Column values are separated by \x1f (Unit Separator, ASCII 31) — a valid UTF-8 character that won't appear in normal data and avoids PostgreSQL's rejection of null bytes in text strings.

Performance impact

For a 10M-row table with 1,000 changes:

  • Phase 1: transfers ~10M × (PK + 32-byte hash) — a fraction of full row data
  • Phase 2: transfers only ~1,000 full rows

For identical tables (MySQL): CHECKSUM TABLE returns in milliseconds, skipping the full SHA2 scan entirely.

Changes

New files

  • src/DB/Data/StreamingMergeDiff.php — Two-phase streaming sorted-merge algorithm

Modified files

  • src/DB/Data/LocalTableData.php — PostgreSQL uses StreamingMergeDiff; SQLite sha3() probe + fallback; MySQL CHECKSUM TABLE pre-scan
  • src/DB/Data/DistTableData.php — Delegates to StreamingMergeDiff (replaces ArrayDiff batching)

Test changes

  • tests/DataDiff/StreamingMergeDiffTest.php — 15 unit tests using SQLite in-memory databases (no external services needed)
  • Updated SQLite test fixtures with actual data differences (previously had identical data)
  • Re-recorded all 7 SQLite expected-output baselines to match the updated fixtures
  • Registered tests/DataDiff/ in both phpunit.xml and phpunit.v9.xml

…ySQL CHECKSUM pre-scan

Introduce StreamingMergeDiff — a two-phase, driver-agnostic diff algorithm
that replaces the previous full-memory PHP comparison for PostgreSQL and the
batched ArrayDiff approach for cross-server diffs.

Phase 1 streams PK + row-hash from both databases in sorted order (merge-sort
walk) to identify inserts, deletes, and potential updates without transferring
full row data. Phase 2 fetches only the differing rows by PK for SQL generation.

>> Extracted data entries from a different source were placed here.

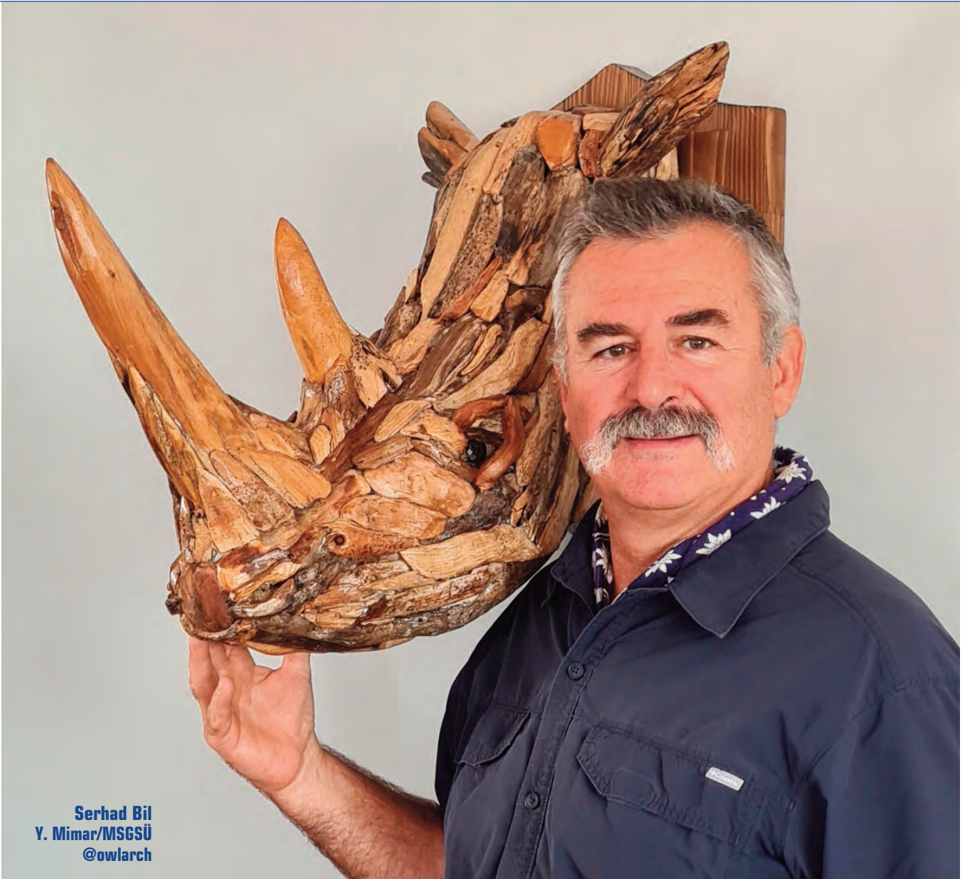
Serhad Bil Y. Mimar/MSGÜ @owlarch
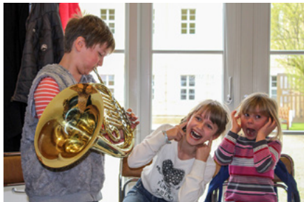
Museumsnacht – Kinder machen Musik

Die diesjährige Museumsnacht lädt ein, sich in den Klang und die Möglichkeiten der Klangerzeugung hineinzubegeben. Im Karussell der Klänge sollen alle Sinne mitspielen und dabei dürfte es überraschen,
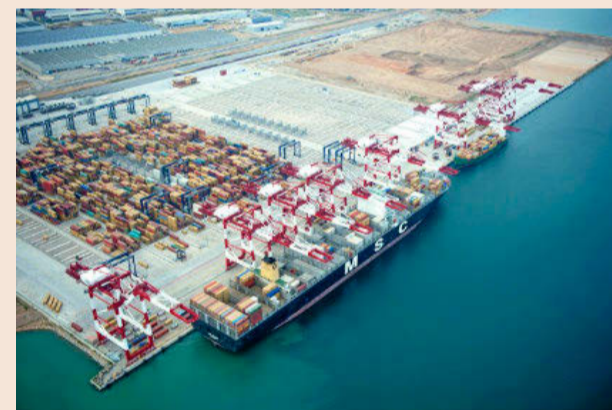
Las grúas de la Terminal Best, en el Puerto de Barcelona.

■ La filial del grupo chino Hutchison reclama que se aceleren los accesos ferroviarios, que no culminarán hasta 2018
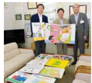
大曲ロータリークラブ -大型絵本・紙芝居-

寄付は市の防災教育に役立ててほしいと行われたものです。市では防災教育として、東日本大震災の被災地との交流や学校での避難所開設訓練などを毎年実施しています。
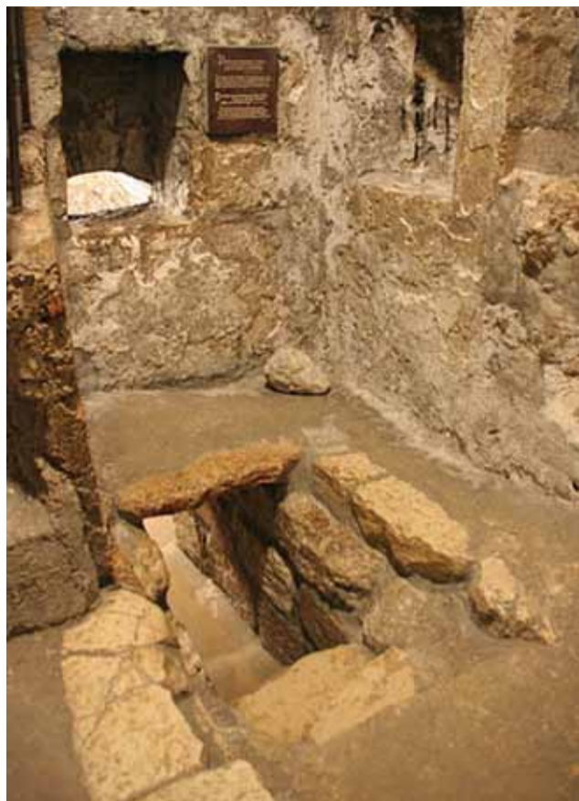
Гробница Лазаря Четверодневного

После Вифании мы поспешили в свой храм в Горнем и торжественно справляли Вход
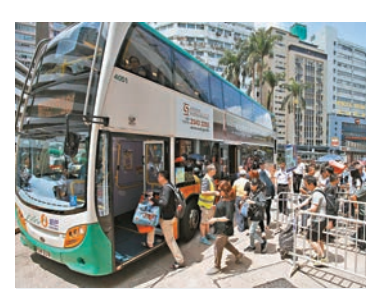
■ 柴灣墳場人流管制措施較去年改善。
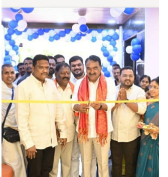
ఇలాంటి సూతన దుకాణాలు దోహదపడతాయని అన్నారు.
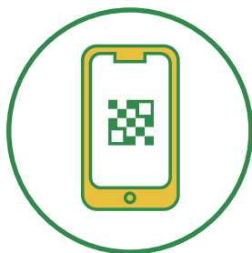
大阪コロナ追跡システム 導入
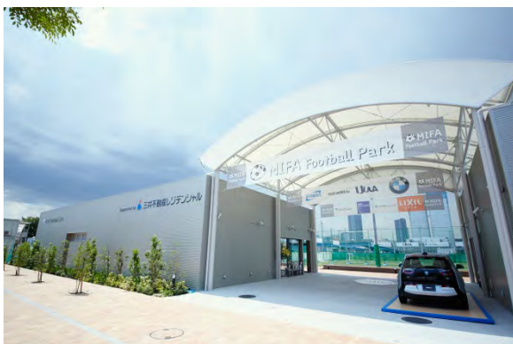
MIFA Football Park

Driver-specific optimisations:
- PostgreSQL (same-server): md5(COALESCE(col::text, '') || E'\\x00' || ...)
  replaces the O(n) full-memory fetchIndexed() approach that exhausted memory
  on tables >500K rows.
- SQLite: runtime sha3() probe with cached result; when available, replaces
  the field-by-field IS NOT comparison with a single hash comparison per row.
  Falls back gracefully to the original IS NOT approach.
- MySQL: CHECKSUM TABLE pre-scan skips identical tables entirely before
  running the SHA2 hash JOIN, wrapped in try/catch for engine compatibility.
- Cross-server (all drivers): StreamingMergeDiff replaces the 1000-row
  batched ArrayDiff, cutting data transfer to PK+hash in Phase 1.

Test changes:
- Add StreamingMergeDiffTest (15 test methods) using SQLite in-memory DBs:
  inserts, deletes, updates, composite PKs, NULLs, fieldsToIgnore, large
  datasets (2000 rows), and helper method coverage (comparePK, hash exprs).
- Update SQLite test fixtures to include actual data differences (previously
  had identical data as a workaround).
- Remove 7 stale SQLite expected-output baselines that need re-recording
  via DBDIFF_RECORD_MODE=true after fixture data changes.
- Register tests/DataDiff/ in phpunit.xml and phpunit.v9.xml Unit suite."
PostgreSQL rejects \\x00 (null byte) in UTF-8 text strings with:
  SQLSTATE[22021]: invalid byte sequence for encoding \"UTF8\": 0x00

Replace the null byte column separator with \\x1f (Unit Separator, ASCII 31)
which is valid UTF-8 and equally unlikely to appear in real data.

Affected drivers:
- PostgreSQL: E'\\x00' → E'\\x1f' in md5() hash expression
- SQLite: X'00' → X'1f' in hex()/sha3() hash expressions

Also re-record the 7 SQLite expected-output baselines that were previously
deleted (fixture data was updated to include real data differences)."
LocalTableData::getDiff (4 returns → 3):
  Extract MySQL CHECKSUM + diff logic into getDiffMySQL(), leaving
  getDiff() with only 3 exit points (sqlite, pgsql, mysql).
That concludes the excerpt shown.